– Wydaje mi się, że kluczem do zrozumienia śmierci Andrzeja Leppera jest jego słynne przemówienie w Sejmie – uważa Witold Gadowski, jeden z bohaterów programu Doroty Kani pt. "Gry Tajnych Służb".
Witold Gadowski, dziennikarz śledczy
– Andrzej Lepper w świetnym stylu retorycznym przedstawił obraz elit III RP. Podał po nazwisku polityków, którzy brali łapówki, którzy kontaktowali się z obcymi wywiadami, którzy służyli lobbystom. Powiedział to wprost. To było do tego stopnia szokujące i przerażające, że prowadzący obrady marszałek Borowski kilkukrotnie zdębiał i upominał Leppera czy ten wie co mówi. Lepper odpowiadał, że doskonale zdaje sobie sprawę z tego co mówi. Andrzej Lepper wygłosił najmocniejsze przemówienie w Sejmie po 1989 r. W tym przemówieniu oskarżył kilkunastu polityków (w tym Tuska, Cimoszewicza, Piskorskiego) o konkretne przestępstwa.
Artur Balazs, minister rolnictwa w latach 1999-2001
– Miałem poczucie, że ten człowiek chce coś dobrego zrobić. Jego działania porównywałem trochę do swojej własnej aktywności w Solidarności jeszcze w podziemiu. Uważałem, że ma dobre intencje. Że ma czyste intencje dotyczące rozwiązywania różnych problemów.

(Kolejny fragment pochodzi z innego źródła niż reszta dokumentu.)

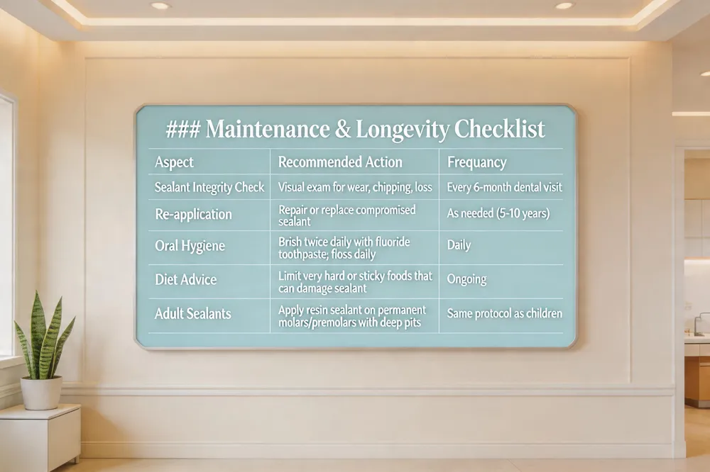 | Sealant Integrity Check | Visual exam for wear, chipping, loss | Every 6‑month dental visit |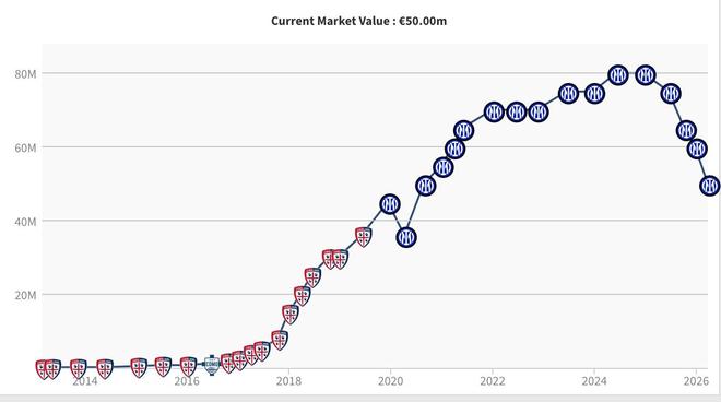 根據統計,此次身價下跌讓巴雷拉遭遇了德轉身價的四連跌,他的身價也從2024年巔峰時期的8000萬歐元一路下跌至如今的5000萬歐元。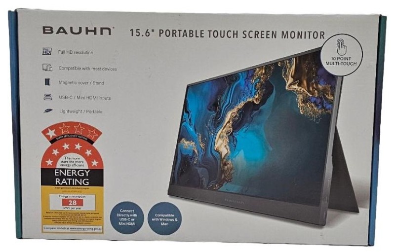 This Bauhn 15.6 Portable Touch Screen Monitor is a versatile and compact display solution. With a 1080P resolution, it delivers crisp and clear visuals for a range of computing tasks. The touchscreen functionality adds an intuitive and interactive element, making it ideal for on-the-go productivity or entertainment. Compact and lightweight, this monitor is easy to transport and set up, making it a convenient choice for work, study, or travel.

– Jego żona mi opowiadała w szczegółach ostatnie 48 godzin z jego życia. W przededniu śmierci był u siebie w domu, nocował tam. Żona go zachęcał, żeby wrócił na gospodarstwo. Przekonywała go, że Samoobrona już nie wróci do władzy, że syn jest chory. Andrzej przyjął to ze zrozumieniem. Powiedział, że ma ostatni wyjazd do Szczecina. Mówił, że jest to bardzo ważny wyjazd i musi tam coś załatwić. Potem powiedział, że jest w Warszawie i że musi coś bardzo ważnego załatwić. Żona czuła, że Andrzej jest przestraszony, że coś jest nie tak.

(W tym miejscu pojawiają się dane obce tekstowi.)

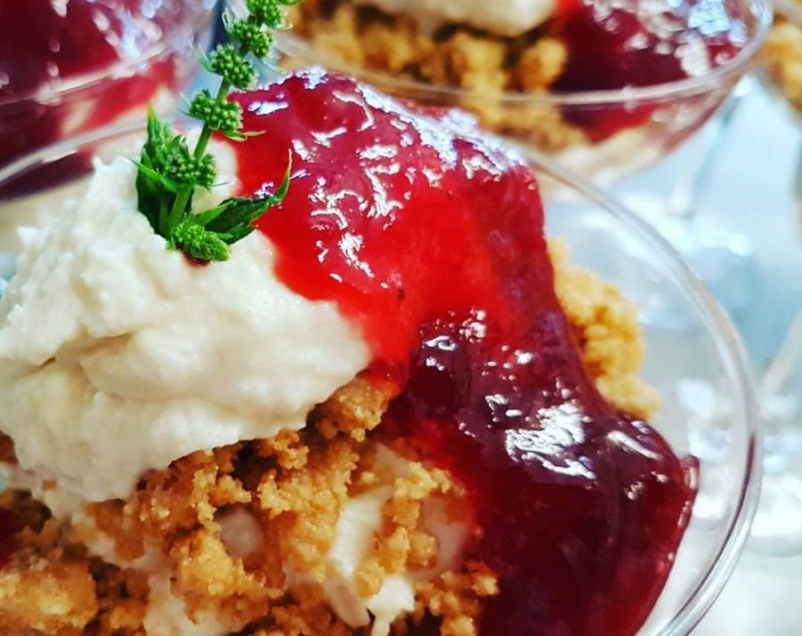 • Cheesecake με κατίκι Δομοκού, δύοσμο και φράουλες

Tomasz Sakiewicz, redaktor naczelny "Gazety Polskiej"
– Andrzej Lepper chciał się umówić z Jarosławem Kaczyńskim. Mieliśmy wspólnego informatora, który powiedział, że Lepper chce wyjawić tajemnicę 40. piętra, że chce ze mną porozmawiać oraz przekazać te informacje Jarosławowi Kaczyńskiemu. Powiedziałem, że mogę się spotkać z Lepperem i nic więcej nie obiecywałem. Umówiliśmy się na to spotkanie w Łazienkach. Stał do mnie bokiem na otwartym terenie i cały czas robił wszystko, żeby bardzo słabo było go słychać.